INDUSTRIAL APPLICABILITY According to the present invention, there is provided a platelet aggregation inhibitor that antagonizes the fibrinogen receptor and has a high platelet aggregation inhibitory activity, and that is excellent in in vivo stability against proteolytic enzymes and in oral absorbability. Provided. The formulation comprises:
Prevention of platelet thrombosis, thromboembolism and reocclusion during and after thrombolysis treatment and prevention of platelet thrombosis, thromboembolism and reocclusion after angioplasty of coronary arteries and other arteries and after coronary artery bypass treatment, It is very effective in preventing unstable angina, preventing myocardial infarction, improving peripheral blood flow, and suppressing blood coagulation during extracorporeal circulation.

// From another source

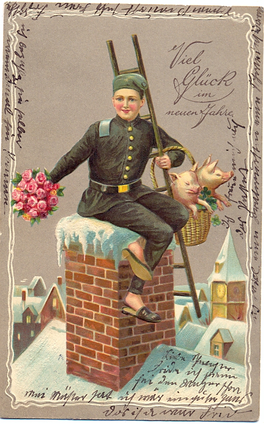 Neujahr, Schornsteinfeger, Schweine, Prägekarte, 1910 postalisch gelaufen, minimal eck- bzw. randbestossen, sonst einwandfreie Erhaltung.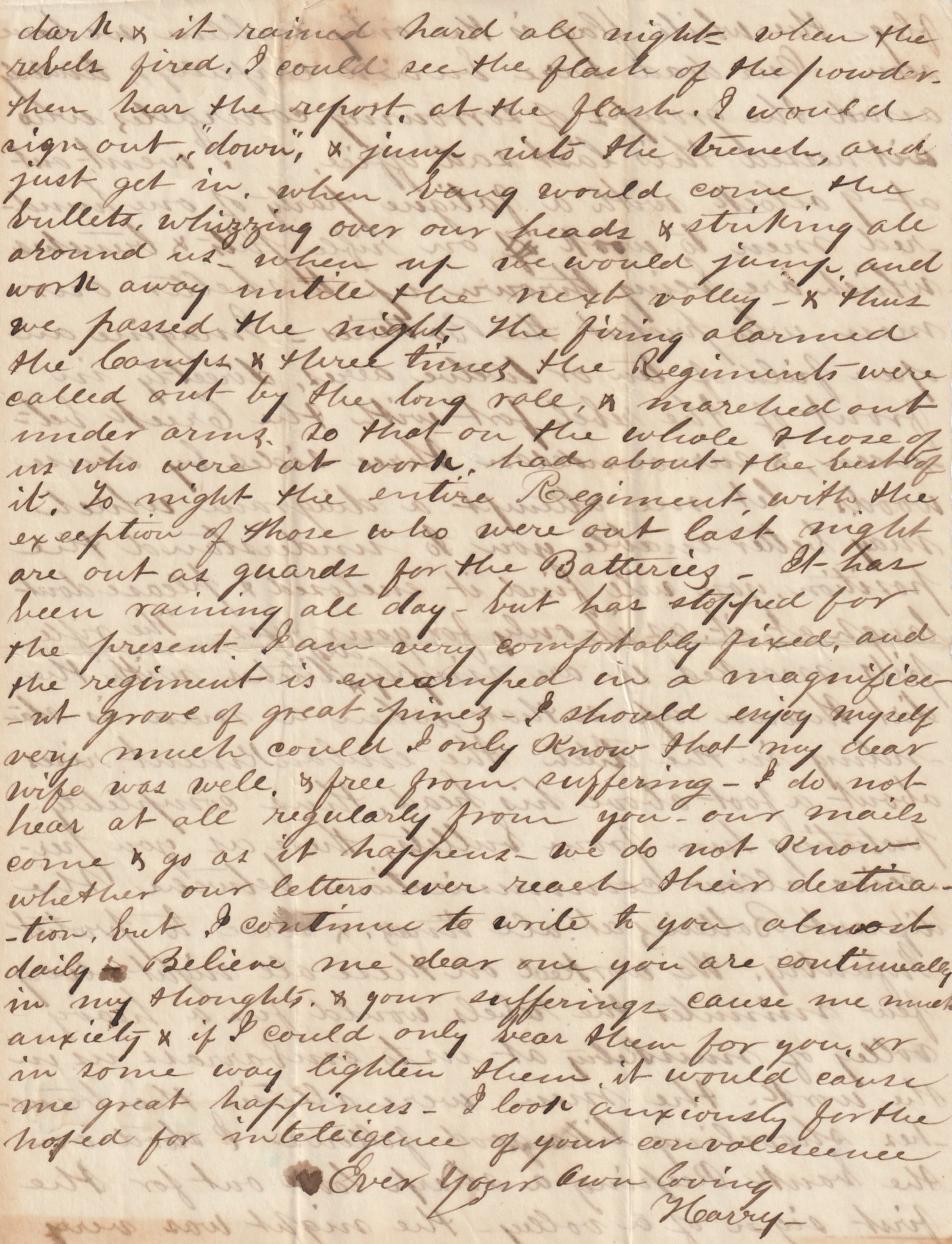 The firing alarmed the camps and three times the regiments were called out by the long roll and marched out under arms so that on the whole, those of us who were at work had about the best of it. Tonight the entire regiment with the exception of those who were out last night are out as guards for the batteries. It has been raining all day but has stopped for the present.

─────────────────────────────────────────────────── ─── Continuation of the front page (51) Int.Cl. ⁶ Identification number Internal reference number FI Technical display location C07D 413/06 211 211 C07D 413/06 211 (72) Inventor Ishitaka Weitaka Ida, Nakahara-ku, Kawasaki City, Kanagawa Prefecture 1618 Nippon Steel Corporation Technology Development Headquarters (72) Inventor Atsushi Katada 1618 Ida, Nakahara-ku, Kawasaki City, Kanagawa Prefecture

Claims (5)

[Claims] 1. A compound represented by the following general formula [I] and a pharmaceutically acceptable salt thereof. Embedded image {In the formula [I], (A) represents a structure represented by the formula [II], the formula [III], or the formula [IV]. (However, the formula [II],
The bonds on the * side of [III] and [IV] are located on the * side of (A) in formula [I], and the bonds on the ** side are located on the ** side of (A) in formula [I]. ) Further, R ₁ and R ₂ each independently represent a hydrogen atom, a lower alkyl or a biodegradable amino group-protecting group. R ₃ represents a hydrogen atom or a protecting group for a carboxyl group which is degradable in a living body}. Embedded image {In the formula [II], R ₄ represents a hydrogen atom, lower alkyl, lower alkenyl, lower alkynyl, aralkyl or carboxyalkyl. In formula [III], both X and Y represent carbon atoms, and the bond between them represents a single bond or a double bond. In formula [IV], Z represents an oxygen or nitrogen atom,
R ₅ represents a hydrogen atom, a lower alkyl or aryl group, and does not exist when Z 2 is an oxygen atom. ｝. 2. A pharmaceutical preparation containing the compound according to claim 1 or a pharmaceutically acceptable salt thereof as an active ingredient. 3. The pharmaceutical preparation according to claim 2, which is a platelet aggregation inhibitor. 4. The pharmaceutical preparation according to claim 2, which is a blood coagulation inhibitor for extracorporeal circulation. 5. The pharmaceutical preparation according to claim 2, which is a coronary artery reocclusion inhibitor.